The Centers for Disease Control and Prevention’s (CDC) recommendation that vaccinated Americans can now gather indoors unmasked has drawn flak because it relies on an honor system, which we can’t fully trust. But that’s not the fault of the CDC — it’s the fault of those with platforms who somehow led Americans to stop believing in science and medicine.
As a physician and American still recovering from the trauma of this ongoing pandemic, I can understand why so many are confused or concerned by the updated recommendations. We can’t easily tell who’s been vaccinated. In a pandemic-era Venn diagram, the intersection of the set showing people opposed to COVID-19 vaccines and the set of anti-maskers would be pretty large. Because we’re still a long way away from community immunity, those who’ve been diligently following safety guidelines for more than a year may view the CDC’s new mask direction as a capitulation to these two overlapping groups of naysayers.
But the CDC does seem to be basing this change, however abrupt it feels, on science. COVID-19 hospitalizations and deaths have decreased dramatically across states, and the vaccines are nearly 100 percent effective at preventing them in individuals.
We seem to forget that, if not for the leaders who’ve thumbed their noses at the science on masks and vaccines, and encouraged their supporters to do the same, we wouldn’t be in this precarious position.
It almost feels surreal looking back at how the pandemic and our national response unfolded now. But had former President Trump and his right-wing media megaphone not falsely announced to their followers that COVID-19 was just like the flu; had he not said nearly 40 times that COVID-19 would just disappear; had he not mocked people for wearing masks; had he given a more full-throated endorsement of the vaccines; more people might be alive today. More Americans would likely be vaccinated by this point.
When a leader as divisive as the former president persuades millions of Americans to ignore evidence and established science, we get the kind of profound polarization that is paralyzing America today.
You don’t fix this kind of schism over the weekend. But this is the issue we should be addressing — not getting mad at the CDC for adjusting its recommendations based on new information and evolving science.
As an ER doctor in a very vaccine resistant part of rural west Michigan, I’ll admit I was dismayed at the CDC’s latest mask recommendations. My state, which continues to follow CDC guidance, is counting on vaccinated and unvaccinated individuals to follow an honor system, act in good faith and wear — or not wear — a mask based on whether they’ve gotten the shot(s).
Only 44 percent of the people who live in the health department district that covers my hospital have been vaccinated, 14 points lower than Michigan’s statewide rate as of the last week of May. Based on this data, at any given store in my county, six in 10 people should be wearing a mask. The reality is not so encouraging. I have honestly stopped going into businesses in the community in which I work because, other than those who are employees, for months I have rarely seen a mask being worn.

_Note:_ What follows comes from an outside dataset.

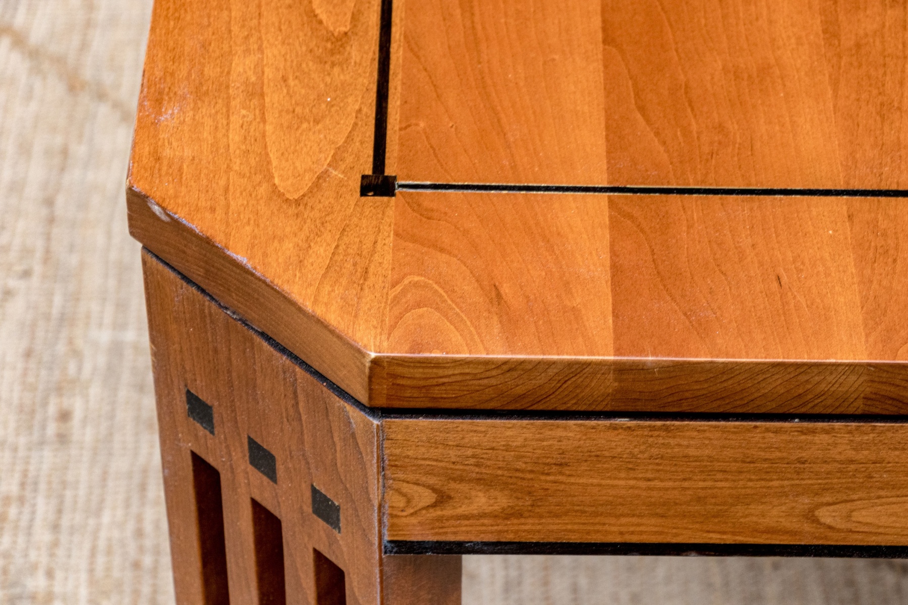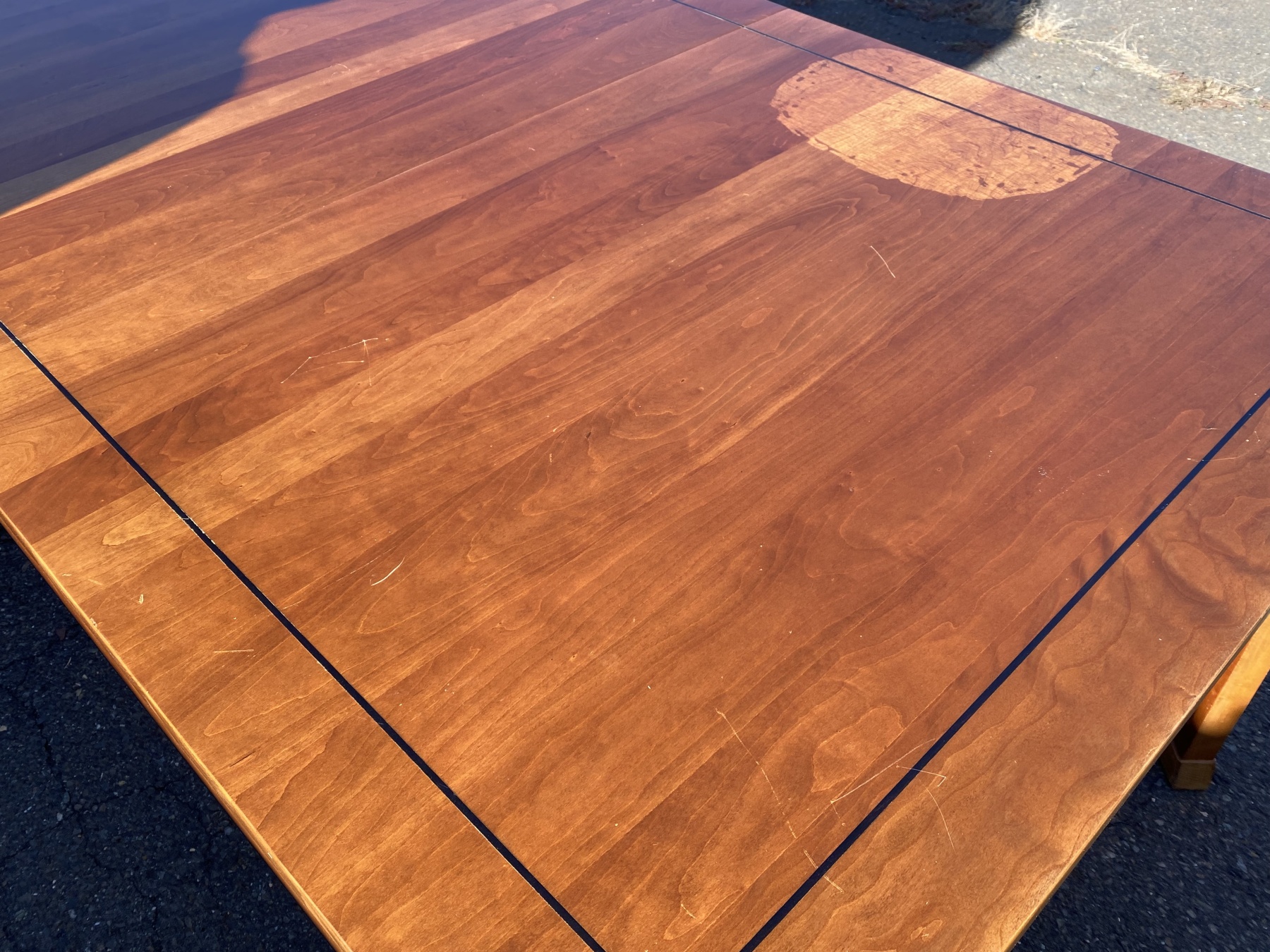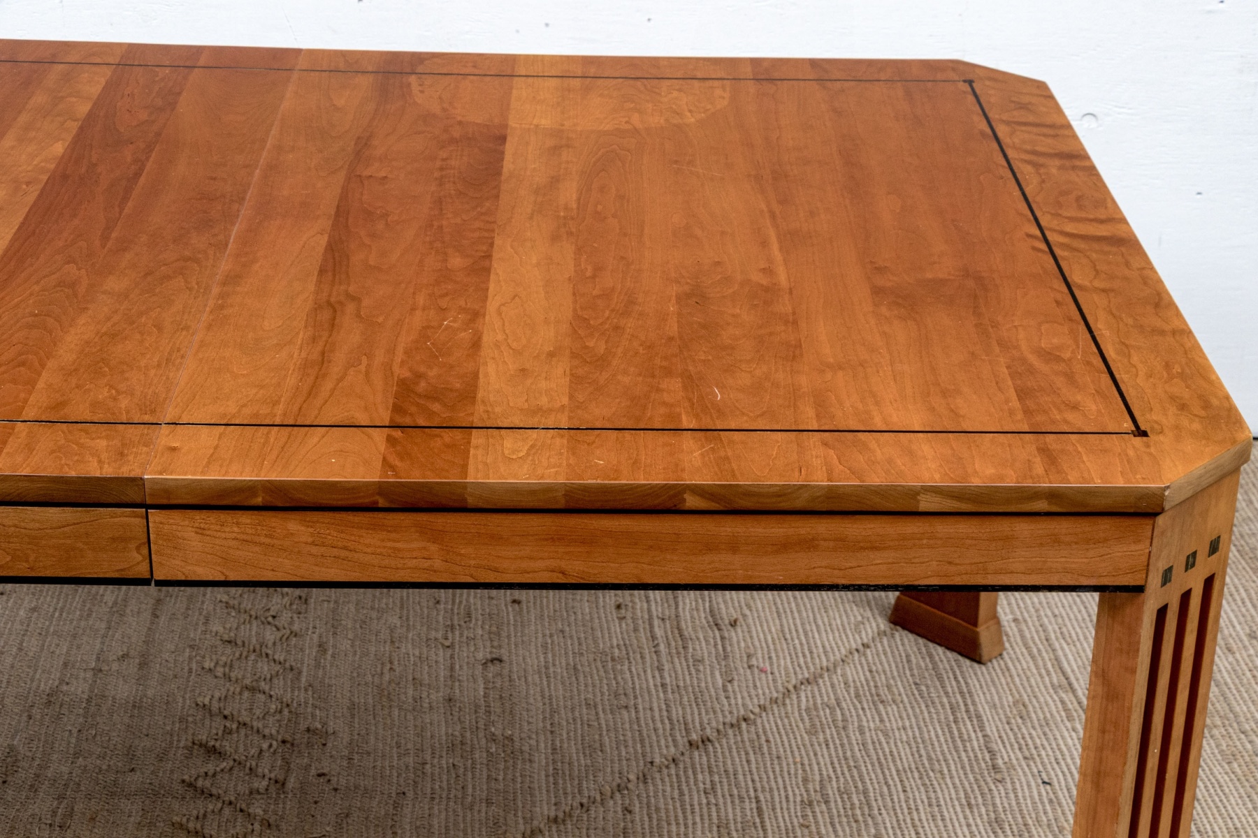 A high quality Stickley extension dining table with great mission and arts and crafts appeal, well constructed in richly hued warm-toned medium brown wood with a cut-corner rectangular table top detailed by a dark brown inlaid border. The table is supported by four angled rectangular legs with dark square inlays heralding pierced rails and block feet. Includes two extension leaves in a single felt bag.

In my county, and in large swathes of Michigan, people ditched their masks a long time ago. The new CDC guidance doesn’t change this. They’ll likely continue to go without masks as they have been, regardless of whether they’re vaccinated.
Of course, with people now more freely mingling in enclosed spaces without masks to block airborne COVID-19 transmission, chances go up that an asymptomatic carrier can spread the virus to an uninfected, unvaccinated and unmasked person. Without the mitigating barrier of masks, even a vaccinated person faces the risk of getting sick when exposed enough times to a large enough number of sick people, like being in a Lotto hopper while the virus ping-pongs around. This is how math and outbreaks work.
So asking the CDC for clarification on its mask guidance is appropriate.
The real solution, however, is overcoming the misinformation schism that has evolved over the last year and getting more people vaccinated.
Polls show that conservative Republicans who voted for Trump remain staunchly vaccine resistant. Many Republican leaders and heirs to Trumpism are only making things worse.
In an act indicating his approval of COVID-19 outbreaks on the high seas, Florida Gov. Ron DeSantis refused to act in favor of public health when Norwegian Cruise Line said it needed to identify vaccinated individuals to protect passengers and crew because cruise ships are self-contained vessels that pack hundreds of people in tight quarters for days on end.
Republican Sen. Ron Johnson (R-Wis.) goes even further, contorting data to push the dangerous narrative that vaccines are killing people. Johnson is categorically, unequivocally wrong.
Bad faith actors are the ones contributing to an honor system that, for many, is anything but honorable. Their policies of disinformation and division are why the honor system doesn’t work for people who have loved ones at home with compromised immunity, or a child recovering from cancer, or a wife or husband with a heart or lung disease.
We can be confused about the CDC’s guidelines and concerned about the honor system. But let’s not lose sight of who prevents us from being able to trust the honor system. We must hold these divisive sowers of disinformation accountable.
Dr. Rob Davidson is an emergency physician in West Michigan and the executive director of the Committee to Protect Health Care.